GEO rally focuses on contract negotiations


Cedric De Leon and other

members of GEO protest in order to receive a

better GSI

contract in front of the LSA

building

yesterday.

Among other things, GEO is demanding a 27 percent wage increase for GSIs.

DAVID ROCHKIND/Daily

By Nick Falzone
Daily Staff Reporter

As perturbed graduate student instructors raised signs proclaiming "Without GSIs, U of M dies" high in the air, approximately 225 members of the University community congregated in the Diag yesterday to raise awareness about the Graduate Employment Organization's contract negotiations with the University.

As Feb. 1 - the day GEO's contract with the University expires - looms on the horizon, many GEO members expressed their dissatisfaction with the negotiation process in front of hundreds of their colleagues.

"It was exactly three months ago that we started negotiation with the administration and they have moved very slowly from the beginning," GEO president Eric Dirnbach said. "We are here to tell the administration and the University community that the members of our union are dissatisfied with the current state of negotiations, and that we want a new contract."

After 45 minutes of speeches by Ann Arbor community members addressing some of GEO's most important unresolved proposals such as paid international GSI training and GSI affirmative action policies, many of the rally participants began marching north from the Diag. Shouting chants of "Who does the work - we do the work" as cars honked support from the streets, they finished their march in front of the LSA building.

Negotiations between GEO and the University were scheduled to begin there later in the day.

During yesterday's negotiations, the University responded to GEO's wage counterproposal which requested, among other things, a 27 percent wage increase in GSIs' salaries.

Dan Gamble, the University's chief negotiator, said the University reinforced its original proposal of a 2.5 percent guaranteed annual salary increase yesterday. Gamble said this was the minimum amount GSIs would get, adding that their increase would be equivalent to that of the faculty's.

Gamble's negotiating team also presented GEO with salaries of other GSIs throughout the United States. Through this presentation, Gamble said he wanted to show the graduate employees they were being paid well compared to other universities' GSIs.

"My whole goal today was to tell them we (the negotiating team) looked at the other schools," Gamble said. "None of the GSIs' other salaries approached theirs at all."

Senate Advisory Committee on University Affairs William Ensminger said that although he is aware of the negotiations, he is uncertain of the details.

Many GEO members were dissatisfied with the University's presentation, dubbing it ineffective.

"The administrators refused to take GEO's wage proposal seriously," Susan Chimonas, a doctoral Sociology student, said. "This was not a counterproposal, instead they just got statistics from other schools about wages."

Chimonas added that since the University's response included nothing about cost of living, the statistics were meaningless to GEO.

"Everyone knows $1 buys more in one place than in another," Chimonas said. "Without the cost of living information, the dollar values of wages didn't mean anything.

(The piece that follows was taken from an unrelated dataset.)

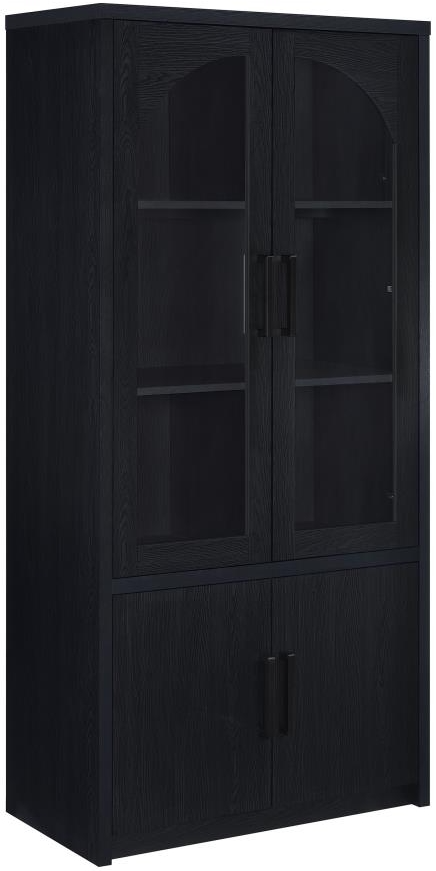 Below, concealed storage offers hidden utility behind panel doors, each compartment thoughtfully fitted with adjustable shelves. Cloaked in a deep black woodgrain, this cabinet brings quiet drama and timeless refinement to any curated space.

They kind of wasted our time."

One reason GEO wants such a significant GSI salary increase is due to the cost of living in Ann Arbor. Dirnbach said the average GSI spends more than 40 percent of their monthly income on rent, leaving reasonably little money left for other commodities.

Gamble said the negotiation team did not include cost of living information in its presentation because GEO would be dissatisfied with whatever was presented.

"No cost of living information was going to be high enough for them to reinforce their proposal," Gamble said.